Hon­estly, I have no idea how to solve the prob­lem. My in­tu­ition is hope­lessly mud­dled on this, and ev­ery idea I’ve been able to come up with seems flawed, in­clud­ing the one you’ve just asked about.

Here’s a one-shot prob­lem for your in­tu­ition to an­swer: You get to de­sign the prob­a­bil­ity dis­tri­bu­tion to draw the num­ber of pa­per­clips from, ex­cept that its ex­pec­ta­tion must be at most its nega­tive kol­go­morov com­plex­ity. What dis­tri­bu­tion makes for a good choice?
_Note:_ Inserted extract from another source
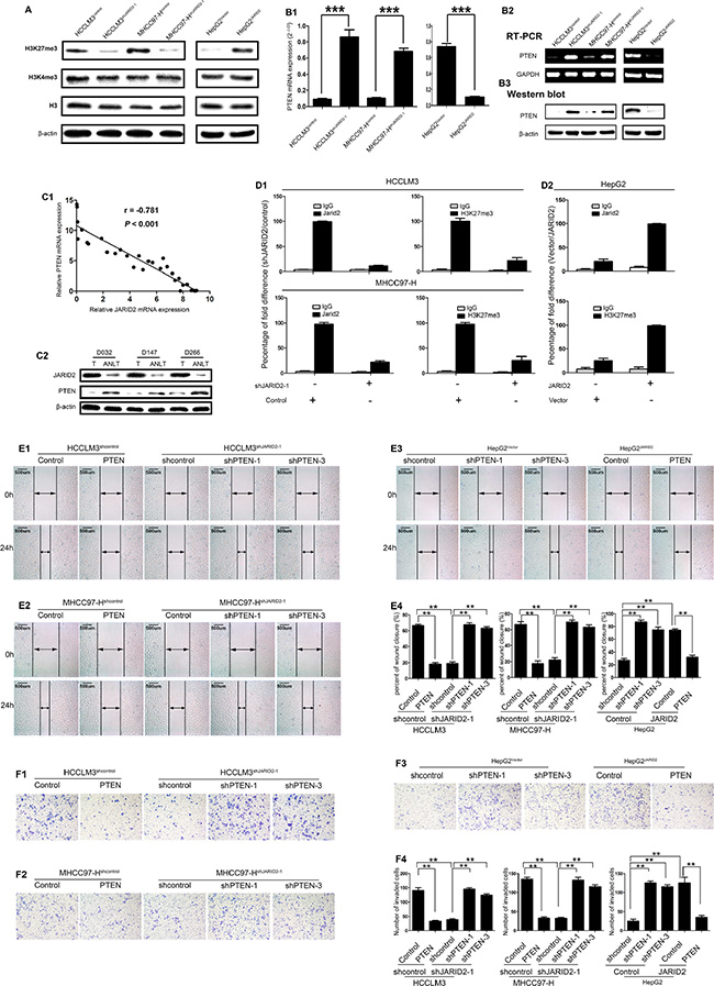 To determine whether PTEN is a mediator for JARID2-promoted invasion and metastasis in HCC, a complementary approach of gain- and loss-off function of PTEN was used. PTEN was overexpressed in HCCLM3shcontrol (Supplementary Figure 7D), MHCC97-Hshcontrol (Supplementary Figure 7E), HepG2JARID2 (Supplementary Figure 7F) with PTEN expression vector and knockdown in HCCLM3shJARID2 (Supplementary Figure 7D), MHCC97-HshJARID2 cells (Supplementary Figure 7E), HepG2Vector, (Supplementary Figure 7F). The overexpression of PTEN in HCCLM3shcontrol, MHCC97-Hshcontrol inhibited the migration and invasion (Figure 4E1, 4E2, 4E4 and 4F1, 4F2, 4F4). Moreover, downregulation of PTEN expression abolished the effect of JARID2 knockdown on migration and invasion in HCCLM3shJARID2 or MHCC97-HshJARID2 cells (Figure 4E1, 4E2, 4E4 and 4F1, 4F2, 4F4). In contrast, silence of PTEN expression mimicked the effect of JARID2 on migration and invasion capacity in HepG2Vector cells (Figure 4E3, 4E4 and 4F3, 4F4), while overexpression of PTEN attenuated JARID2-promoted migration and invasion in HepG2JARID2 cells (Figure 4E3, 4E4 and 4F3, 4F4). In addition, ectopic expression of PTEN reduced the proliferation and colony formation of HCCLM3shcontrol (Supplementary Figure 8A1, 8A2 and 8D), MHCC97-Hshcontrol cells (Supplementary Figure 8B1, 8B2 and 8E) and inhibition of PTEN expression restored the ability of the proliferation and colony formation of HCCLM3shJARID2 (Supplementary Figure 8A1, 8A2 and 8D), MHCC97-HshJARID2 cells (Supplementary Figure 8B1, 8B2 and 8E), while silence of PTEN expression mimicked the effect of JARID2 on colony formation ability or cell proliferation in HepG2Vector cells and overexpression of PTEN expression abolished the effect of JARID2 on colony formation ability and cell proliferation in HepG2JARID2 cell (Supplementary Figure 8C1, 8C2 and 8F). Collectively, these results indicate that JARID2 promotes HCC invasion and metastasis by suppressing PTEN expression via increasing H3K27me3 at its promoter region.

My first thought is 1/​googol­plex chance of los­ing 3^^^^3 pa­per­clips, and the rest of the prob­a­bil­ity giv­ing as many pa­per­clips as the kol­mogorov com­plex­ity con­straint al­lows. I could do bet­ter by in­creas­ing the prob­a­bil­ity of the loss, for ex­am­ple 1/​googol would be a bet­ter prob­a­bil­ity. How­ever, I have no idea where to draw the line, at what point it stops be­ing a good idea to in­crease the prob­a­bil­ity.

• In a mar­ket of bet­tors that draw the line of how much risk to take at differ­ent points, the early game will be dom­i­nated by the most risk-tak­ing folks and as the game grows older, the line that was cho­sen by the cur­rent win­ners moves. Per­haps your in­tu­ition is merely the product of evolu­tion play­ing this game for as long as it took for the line to reach its cur­rent point?